The administration guide defines "balanced" storage nodes as storage nodes with exactly one replication group, and recommends to make the entire data store balanced.
I have workload of almost 50/50 updates/reads ratio. Each record is read exactly once before its updated again. I think my data set takes about 20G, so 60G with replication factor of 3. With 16G RAM servers, I'm thinking of getting 9 machines to store my data set, and allow some room for growth.
To have balanced configuration, I should create 3 replication groups of 3 servers each? But given my read-write ratio, this will leave most of the servers unused.
Wouldn't 9 replication groups of 3, with each server hosting 3 replication nodes, one of which can perform writes, make better sense? Do I have a way to make sure I'm running with 1 master per server?
I assume you have gone through the sizing exercize in the Admin Guide and worked with the spreadsheet.
Whatever number of Rep Groups you end up having, NoSQL Database will evenly distribute the records across all of them. I'm not sure if your comment about many of the nodes going underutilized was in reference to that or not. Assuming a uniform workload across the keyspace, it will be a uniform workload across the Rep Groups.
All writes will go to the master Rep Node in the relevant Rep Group. Presently we do not have much support for 'maste affinity' but we may in a fututre release.
Depending on the Consistency parameter passed to the api call, a read may or may not go to a replica. It sounds like you are doing RMW, so it may be perfectly reasonable to use a Consistency policy which allows reading from a replica.

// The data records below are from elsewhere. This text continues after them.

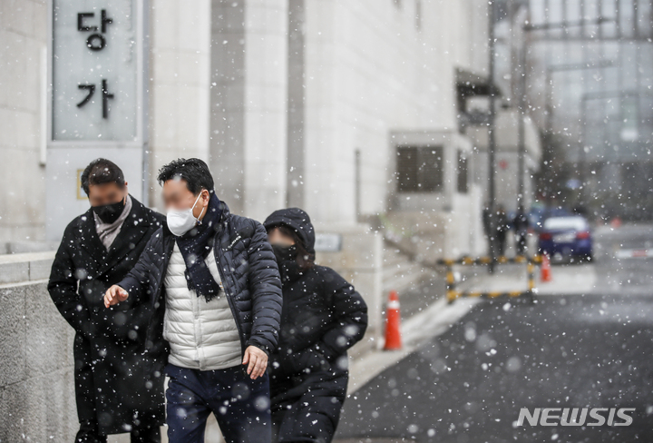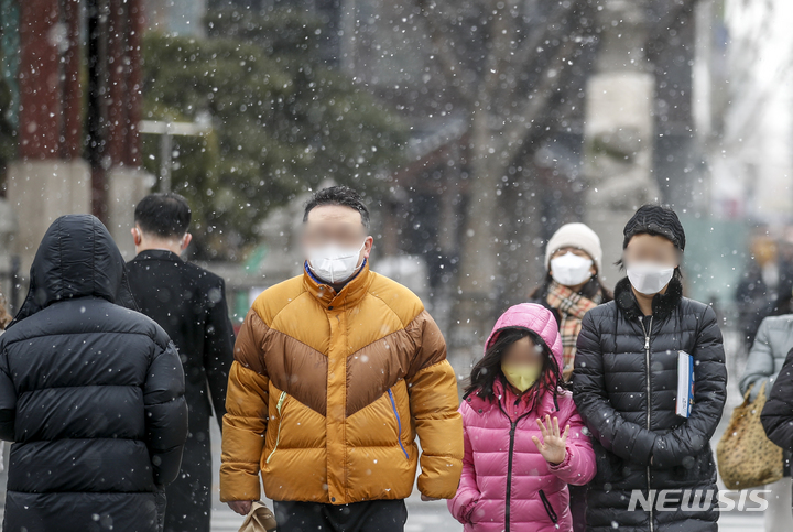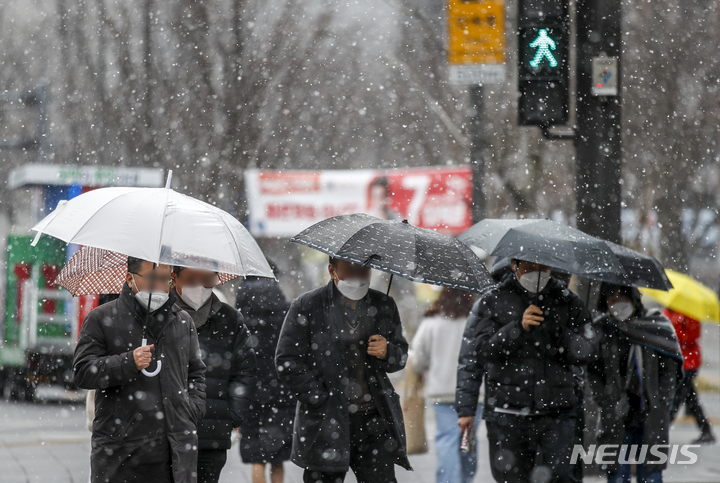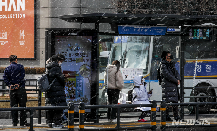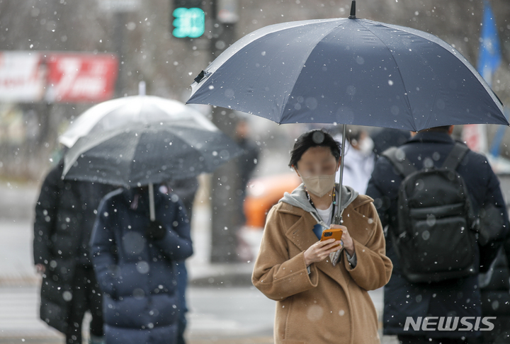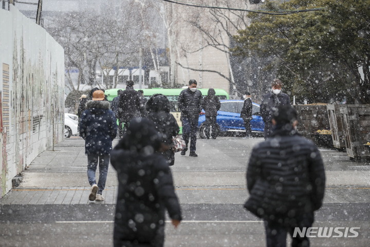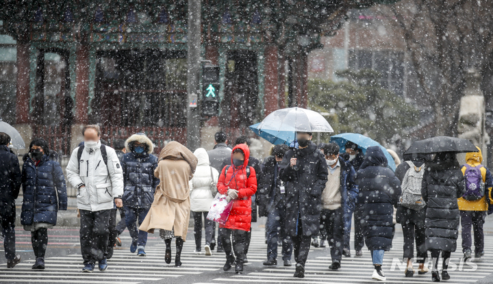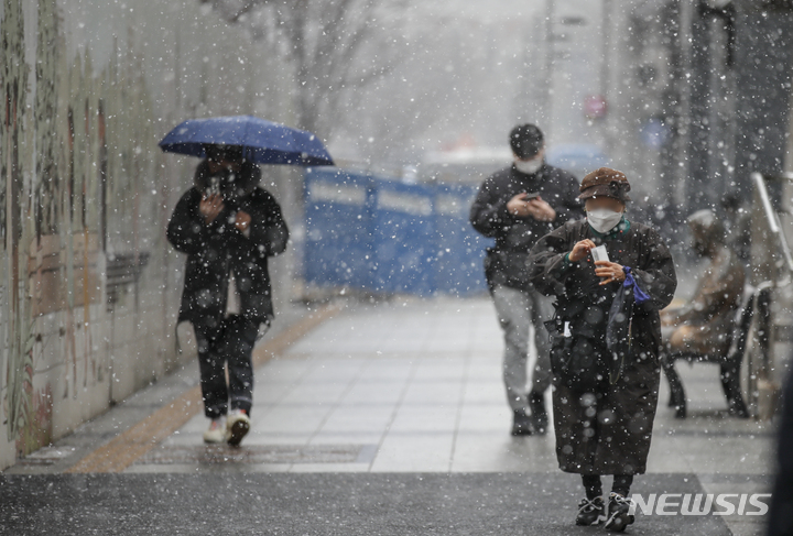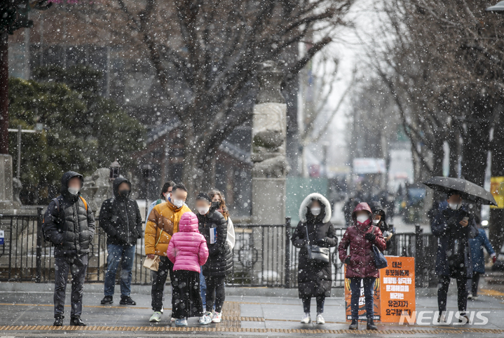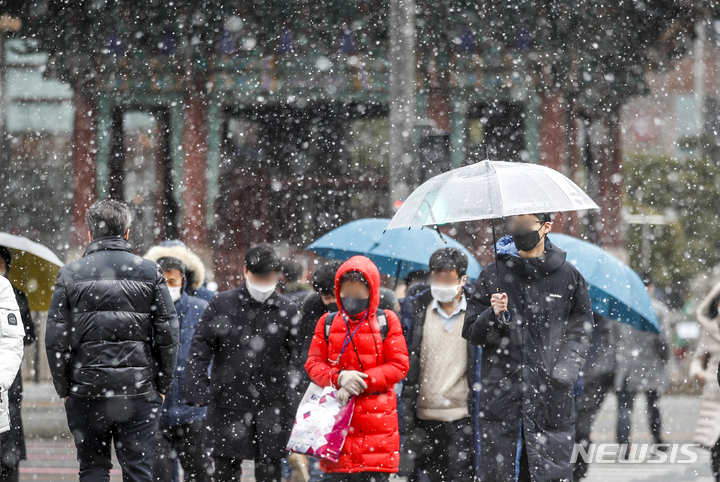 雪が降った21日午後、ソウル市鍾路区の世宗路交差点周辺では、雪が降る中、移動する市民たちの姿が見られた。
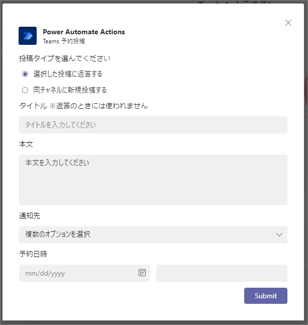 参考サイト:Microsoft Teams への予約投稿を Power Automate と Adaptive Cards でつくる
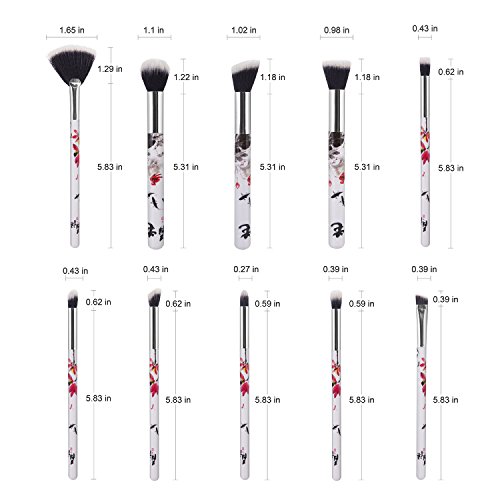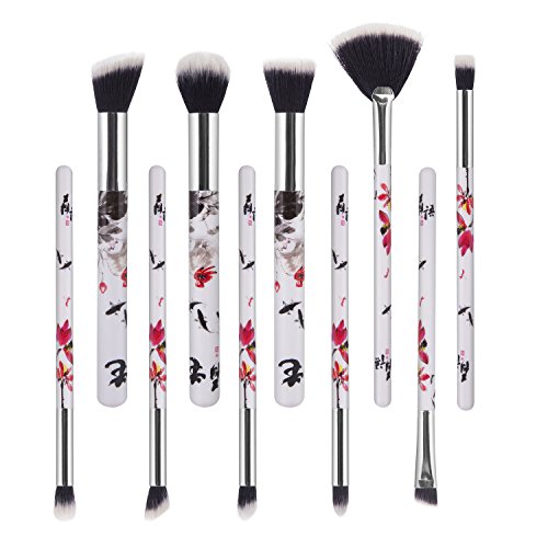 Makeup Brush Set ,Yedda 10 Pieces Unique Style Professional Makeup Brushes Set Synthetic Powder Eyeshadow Brow Nose Fan Brush with Travel Case(Chinese...

The subsequent write would go to the master in any case.
One clarification: With replication factor of 3, I have one node serving writes and two serving reads on each group. With all the writes going to the master, I have 50% of the workload going to 30% of the servers, and the other 50% of the workload going to 60% of the servers. That's the lack of balance I'm worried about.
The sizing exercise addresses disk space, and was helpful in that regard. It did not address throughput (or I missed something significant). In theory, I'd love to place one master on each storage node, to maximize the number of servers that serve writes.
You can have multiple Rep Nodes per Storage Node, but you have to be careful of resource contention (I.e. you should have each Rep Node on a separate spindle and you need to be careful that the Rep Nodes are from different Rep Groups). Also, we don't give you very good control of master affinity so it would be possible for multiple masters to end up on the same Storage Node. Better support for this may be available in the fututre.